Supplied entries:
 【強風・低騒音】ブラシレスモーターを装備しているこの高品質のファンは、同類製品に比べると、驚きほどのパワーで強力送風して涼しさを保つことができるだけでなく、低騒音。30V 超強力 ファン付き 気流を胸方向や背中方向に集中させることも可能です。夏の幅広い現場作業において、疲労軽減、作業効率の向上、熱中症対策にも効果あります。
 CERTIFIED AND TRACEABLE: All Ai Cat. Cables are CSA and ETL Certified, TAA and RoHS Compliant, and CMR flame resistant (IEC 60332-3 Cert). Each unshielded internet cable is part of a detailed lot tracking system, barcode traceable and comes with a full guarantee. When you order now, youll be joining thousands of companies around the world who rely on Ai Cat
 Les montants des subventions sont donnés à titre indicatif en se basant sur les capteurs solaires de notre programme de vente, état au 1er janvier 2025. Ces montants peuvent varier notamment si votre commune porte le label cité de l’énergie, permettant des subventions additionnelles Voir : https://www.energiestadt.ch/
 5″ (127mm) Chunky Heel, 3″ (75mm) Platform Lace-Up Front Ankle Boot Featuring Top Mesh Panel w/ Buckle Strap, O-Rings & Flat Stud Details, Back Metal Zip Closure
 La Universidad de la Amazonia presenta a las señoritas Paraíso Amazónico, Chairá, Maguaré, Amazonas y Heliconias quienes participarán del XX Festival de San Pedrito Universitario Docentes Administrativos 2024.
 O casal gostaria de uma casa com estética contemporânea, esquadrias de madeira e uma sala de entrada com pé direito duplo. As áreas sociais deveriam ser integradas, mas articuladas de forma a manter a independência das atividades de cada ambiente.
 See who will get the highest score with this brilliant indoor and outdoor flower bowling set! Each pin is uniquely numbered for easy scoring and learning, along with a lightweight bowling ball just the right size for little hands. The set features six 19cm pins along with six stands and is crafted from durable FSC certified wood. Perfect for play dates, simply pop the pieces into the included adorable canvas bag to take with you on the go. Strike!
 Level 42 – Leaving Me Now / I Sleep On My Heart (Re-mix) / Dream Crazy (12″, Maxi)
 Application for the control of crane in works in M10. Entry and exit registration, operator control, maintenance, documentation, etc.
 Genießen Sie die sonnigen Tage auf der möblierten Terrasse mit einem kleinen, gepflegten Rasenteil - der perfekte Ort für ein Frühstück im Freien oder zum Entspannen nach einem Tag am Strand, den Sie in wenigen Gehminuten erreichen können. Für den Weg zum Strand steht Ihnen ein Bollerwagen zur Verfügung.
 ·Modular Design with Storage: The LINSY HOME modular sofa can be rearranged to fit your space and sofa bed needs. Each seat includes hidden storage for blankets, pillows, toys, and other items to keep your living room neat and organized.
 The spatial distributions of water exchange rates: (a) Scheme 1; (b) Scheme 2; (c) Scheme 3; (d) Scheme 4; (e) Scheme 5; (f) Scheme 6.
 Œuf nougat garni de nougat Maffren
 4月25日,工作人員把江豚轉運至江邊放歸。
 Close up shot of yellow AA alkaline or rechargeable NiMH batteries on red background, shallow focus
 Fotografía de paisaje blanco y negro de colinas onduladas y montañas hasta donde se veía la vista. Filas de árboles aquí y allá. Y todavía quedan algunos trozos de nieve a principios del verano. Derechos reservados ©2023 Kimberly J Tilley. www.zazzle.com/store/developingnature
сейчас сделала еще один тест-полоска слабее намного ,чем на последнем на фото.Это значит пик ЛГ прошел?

Requirement:
When you repeat the lines, start with the first line of the material and end with the line that contains "5″ (127mm) Chunky", keeping both and reproducing each exactly, with nothing added.

Written answer:
 【強風・低騒音】ブラシレスモーターを装備しているこの高品質のファンは、同類製品に比べると、驚きほどのパワーで強力送風して涼しさを保つことができるだけでなく、低騒音。30V 超強力 ファン付き 気流を胸方向や背中方向に集中させることも可能です。夏の幅広い現場作業において、疲労軽減、作業効率の向上、熱中症対策にも効果あります。
 CERTIFIED AND TRACEABLE: All Ai Cat. Cables are CSA and ETL Certified, TAA and RoHS Compliant, and CMR flame resistant (IEC 60332-3 Cert). Each unshielded internet cable is part of a detailed lot tracking system, barcode traceable and comes with a full guarantee. When you order now, youll be joining thousands of companies around the world who rely on Ai Cat
 Les montants des subventions sont donnés à titre indicatif en se basant sur les capteurs solaires de notre programme de vente, état au 1er janvier 2025. Ces montants peuvent varier notamment si votre commune porte le label cité de l’énergie, permettant des subventions additionnelles Voir : https://www.energiestadt.ch/
 5″ (127mm) Chunky Heel, 3″ (75mm) Platform Lace-Up Front Ankle Boot Featuring Top Mesh Panel w/ Buckle Strap, O-Rings & Flat Stud Details, Back Metal Zip Closure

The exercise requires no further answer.